Becky Thompson's parents were neither of the Tokeneke group nor of the Allen O'Neill bunch, but were somewhere in between. Miss Thompson grew up in a medium-sized house on a one-third-acre lot on Phillips Lane, modest by Darien's standards. Her father, now retired, was a design engineer, who commuted daily to New York. Her parents were Democrats, which marked them as oddities in the predominantly Republican Darien community. “My father always felt a little out of place in Darien, I guess,” she says. “Actually, he had an excellent job and earned a fine salary, but it didn't seem fine enough for Darien.”

To be betwixt and between, neither rich nor poor, in a town like Darien is not easy. “I used to walk along Tokeneke Road and look at all the beautiful houses,” Becky Thompson says. “The Lindberghs' big place, for example. It made our house on Phillips Lane seem awfully small and pitiful. When I got a summer job as a cashier at Stoler's store, it was because I wanted to earn some money, but at the same time I knew that it was the lower-class kids who did this sort of thing. I grew up feeling that I—and my parents—just didn't fit into Darien, that I couldn't compete with the best kids because they wore more expensive clothes. I felt inferior, and I'm sure I grew up thinking that we were a lot poorer than we really were. I suppose that's why, after college, I left. My impression is that the rich kids come back to Darien, get married and settle there, and join the Wee Burn Club. It's the kids like me who leave.”

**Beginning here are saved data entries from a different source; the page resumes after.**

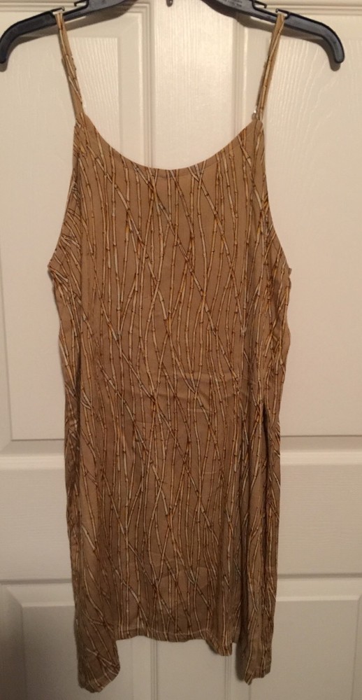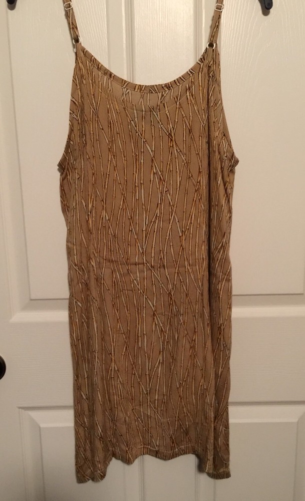 D ress has bamboo stalks print, adjustable straps, chest measures 38", length from underarm is 24". From pet and smoke free home, no rips, stains or tears. please feel free to contact me with any questions you may have. 9O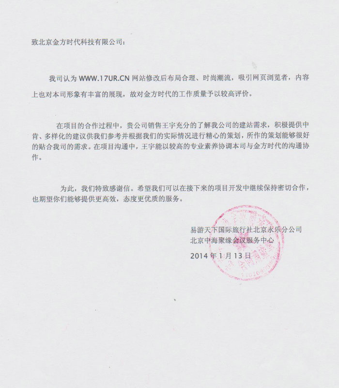 易游天下國際旅行社北京永樂分公司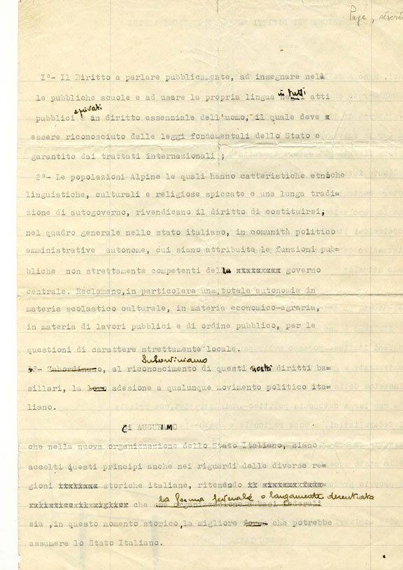 Dichiarazione dei diritti delle popolazioni alpine (testo preliminare presentato alla riunione di Chivasso, con le correzioni a mano dell’autore, Emile Chanoux)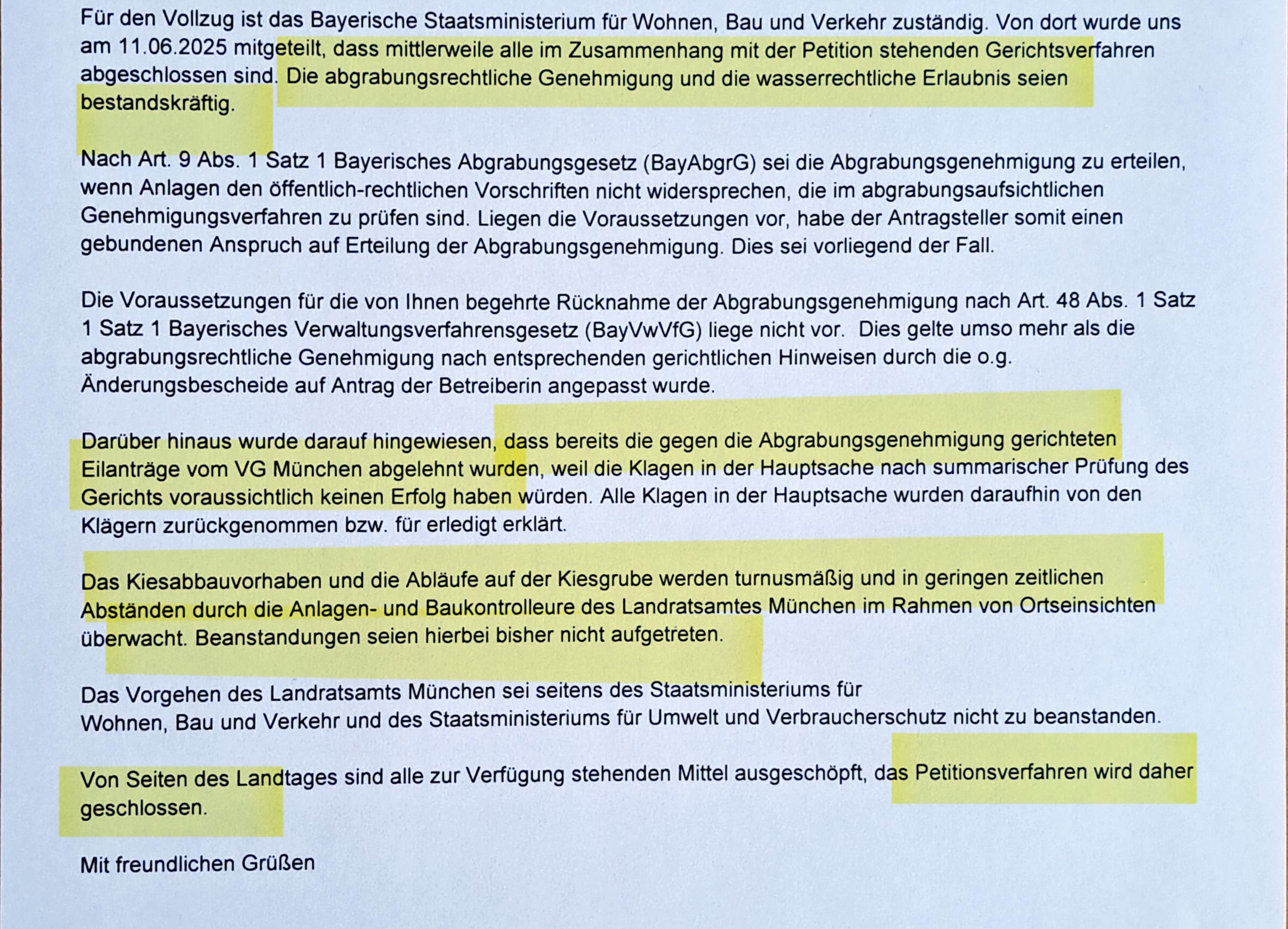 Nachdem ja viele von Ihnen im Herbst 2022 die Petition gegen den Kiesabbau unterstützt haben, hier nun der endgültige Ablehnungsbescheid vom Bayerischen Staatsministerium, den ich Ihnen nicht vorenthalten möchte.
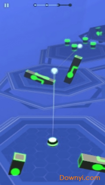 金属风的3D画面带来相当强的未来机械感,玩家需要操控一个白色圆球,点击屏幕穿过眼前的障碍物,每个障碍物都会不停的移动,游戏关卡具有随机性,每次重新开始都是不同的障碍通道,完全没有漏洞可钻,每次都是全新的开始,不断的失败重来,游戏十分魔性,让你有种炫迈的快感,根本停不下来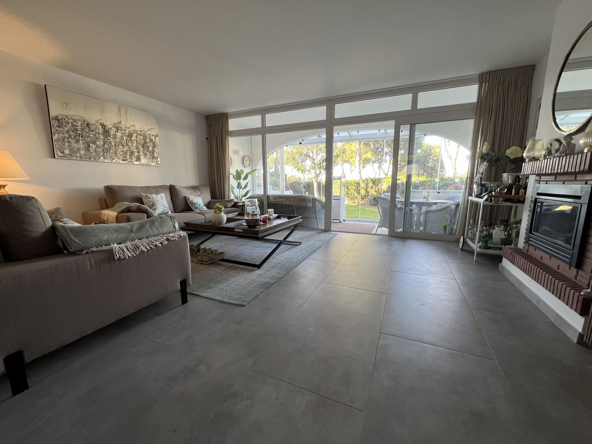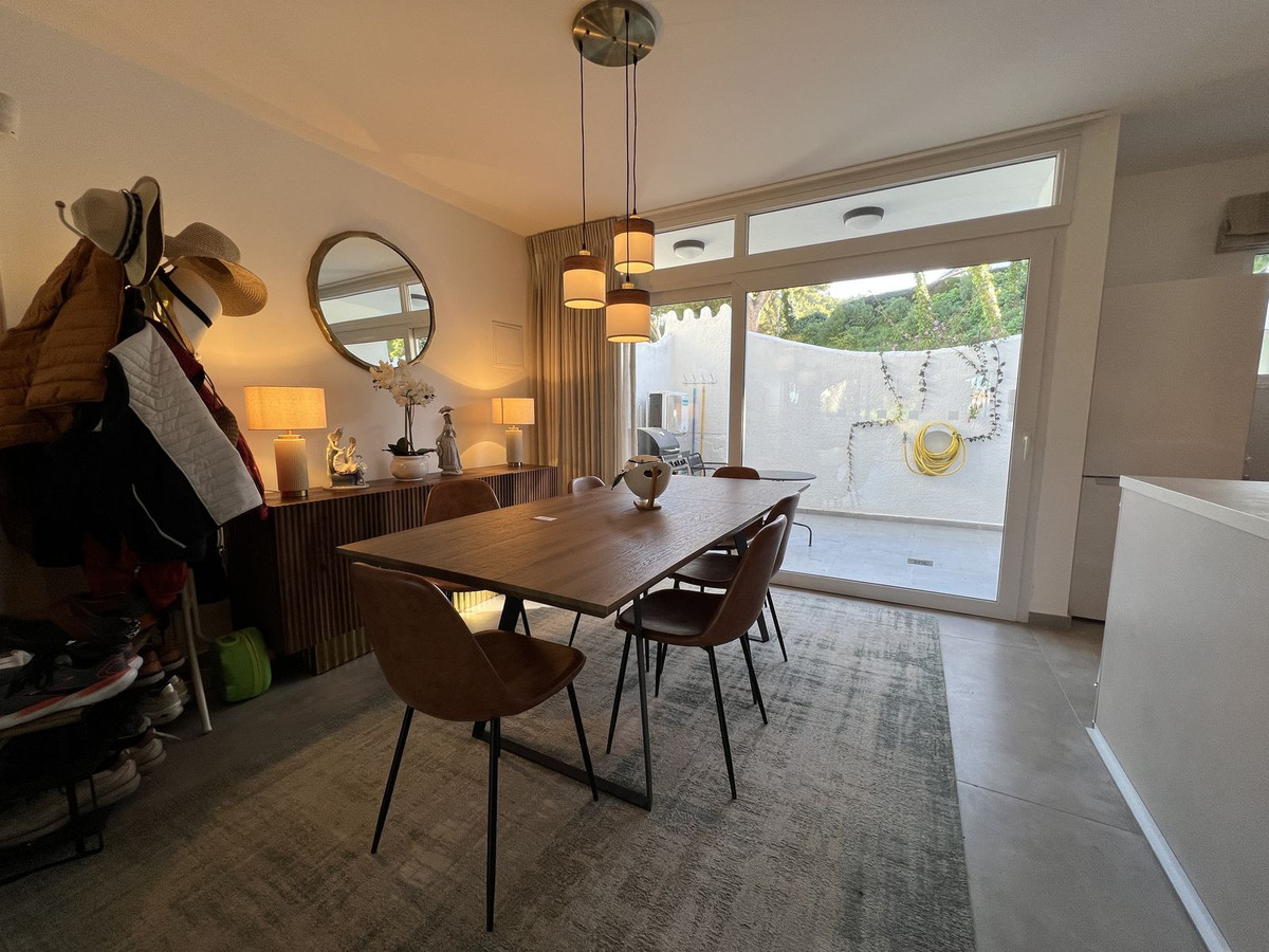 This gorgeous semi detached house in Miraflores will stun you with its tasteful interior updates and yet it still maintains it's Spanish feel. The ground floor welcomes you with a bright, large lounge, dining area and open plan kitchen. There is lots of natural light pouring in from both sides of the house plus you have the use of the private terrace on the east side, ideal for having breakfast in the morning sun. The lounge leads onto the westerly terrace which has been enclosed using glass curtains giving you even more living space and then access onto the garden area which is shared by only one other house. Other features on the ground floor include a brand new kitchen, gas living flame fireplace plus a guest cloakroom. Upstairs is where you will find the huge main bedroom with en-suite bathroom plus walk-in wardrobe. You also have two additional double bedrooms and a shared family bathroom. There is hot and cold air conditioning throughout the house plus owners have the use of the stunning communal swimming pools and you are only a stone's throw from the Miraflores tennis club. Owners have the use of two communal swimming pools and off-street parking. You will not be disappointed

When Becky Thompson comes back to Darien these days to visit her parents she tries, in a sense, to forgive it and to see it in its prettiest light—the tree-lined streets, the scarcity of neon. On a recent visit, she found the town still talking heatedly about the new nursing home, which was the center of a bitter zoning battle (it was opposed by many, first, because it was a nursing home and, second, because of its height: a full three stories), and which was built despite the editorial opposition of the
Darien Review
, a conservative publication generally against all forms of change. She was pleased to discover a new Darien paper, the
News:
“livelier,
somewhat
less Republican, and filled with more than just bridal announcements and social notes.” Her parents and their friends were also talking excitedly about a neighbor's house on Phillips Lane that recently sold for $101,000. Though the house has only three bedrooms and one
and a half baths, such a price makes it begin to sound like a rich person's dwelling and has the Thompsons thinking that their own house may be a rather valuable piece of property. “When I go back now, Darien doesn't seem
quite
as pretentious a place as it used to seem,” Becky Thompson says. “But it is a pretentious place.”